- **The problem**
Copy out the data word for word, without any of its pictures.

- **Source material**
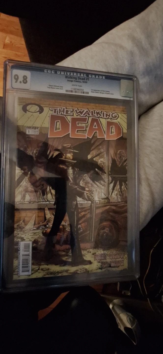 The Walking Dead #1 comic book, graded 9.8 by CGC. This issue features the first appearance of Rick Grimes, Shane Walsh, Morgan & Duane Jones. Published by Image Comics in 10/03.
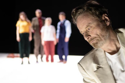 Münster, 21. Februar 2020. Väter werfen Schatten, stehen im Licht und verdunkeln diejenigen, die nach ihnen kommen. Martin Heckmanns' Vater Jürgen Heckmanns hat als bildender Künstler Figuren gestaltet, giacomettiartige Papiermenschen, deren Schatten ebenso zu ihnen als Kunstwerk gehören, wie ihre aus vergänglicher Materie gestaltete Form. Martin Heckmanns hat nun ein Requiem geschrieben für seinen Vater, nicht nur für ihn, für alle deutschen Väter seiner Generation. Aus dem Schatten dieses im letzten Jahr gestorbenen Künstlervaters ist der Dramatiker Heckmanns längst herausgetreten, so kann er souverän mit ihm umgehen. Der autobiographische Kontext ist in dem nun in Münster uraufgeführten Text spürbar, aber nicht dominierend.
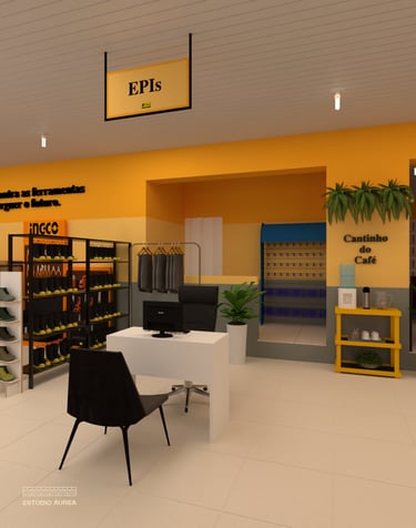 Além do espaço, cuidamos da atmosfera. Indicamos estratégias simples e eficientes para neutralizar odores típicos de materiais, além de fortalecer a sensação de pertencimento com um cantinho do café, criando um gesto de acolhimento que humaniza a experiência de compra. Para completar, a biofilia entrou como apoio ao conforto e à qualidade do ar, com sugestões de plantas de baixa manutenção.
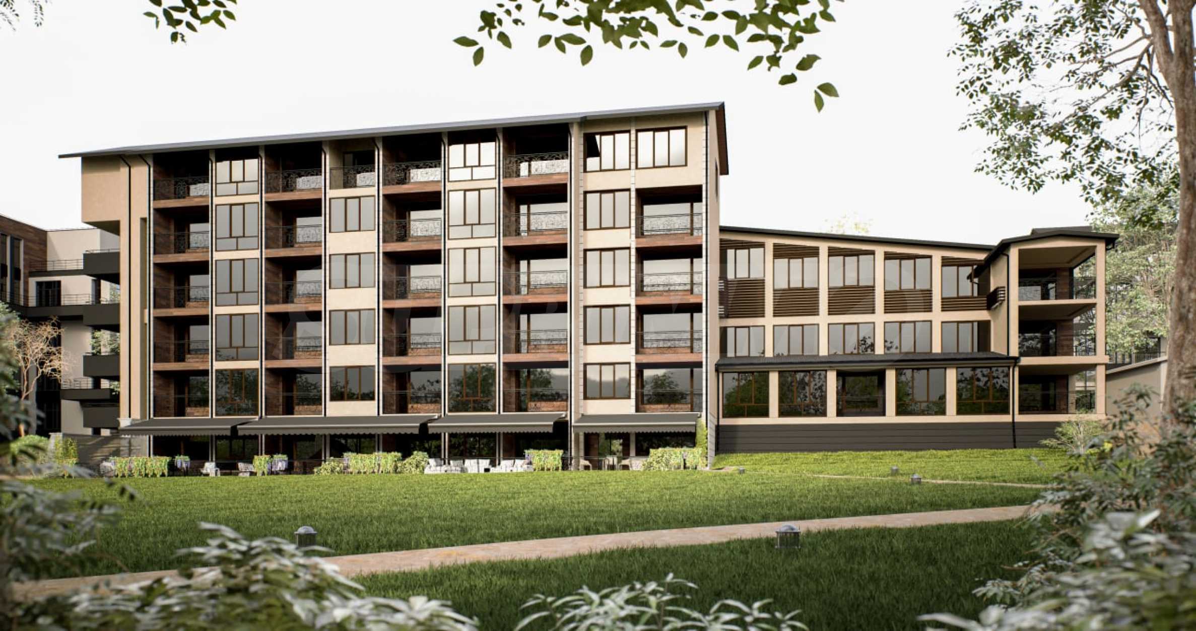 Сградата е разпределена на 6 етажа, намира се в затворена територия с денонощна охрана. Целият комплекс е заобиколен от дъбова гора, с езерото в гората, с отлични възможности за активен отдих сред природата, с различни места за почивки с пейки, беседки и зони за барбекю.

- **Output for this task**
 The Walking Dead #1 comic book, graded 9.8 by CGC. This issue features the first appearance of Rick Grimes, Shane Walsh, Morgan & Duane Jones. Published by Image Comics in 10/03.
 Münster, 21. Februar 2020. Väter werfen Schatten, stehen im Licht und verdunkeln diejenigen, die nach ihnen kommen. Martin Heckmanns' Vater Jürgen Heckmanns hat als bildender Künstler Figuren gestaltet, giacomettiartige Papiermenschen, deren Schatten ebenso zu ihnen als Kunstwerk gehören, wie ihre aus vergänglicher Materie gestaltete Form. Martin Heckmanns hat nun ein Requiem geschrieben für seinen Vater, nicht nur für ihn, für alle deutschen Väter seiner Generation. Aus dem Schatten dieses im letzten Jahr gestorbenen Künstlervaters ist der Dramatiker Heckmanns längst herausgetreten, so kann er souverän mit ihm umgehen. Der autobiographische Kontext ist in dem nun in Münster uraufgeführten Text spürbar, aber nicht dominierend.
 Além do espaço, cuidamos da atmosfera. Indicamos estratégias simples e eficientes para neutralizar odores típicos de materiais, além de fortalecer a sensação de pertencimento com um cantinho do café, criando um gesto de acolhimento que humaniza a experiência de compra. Para completar, a biofilia entrou como apoio ao conforto e à qualidade do ar, com sugestões de plantas de baixa manutenção.
 Сградата е разпределена на 6 етажа, намира се в затворена територия с денонощна охрана. Целият комплекс е заобиколен от дъбова гора, с езерото в гората, с отлични възможности за активен отдих сред природата, с различни места за почивки с пейки, беседки и зони за барбекю.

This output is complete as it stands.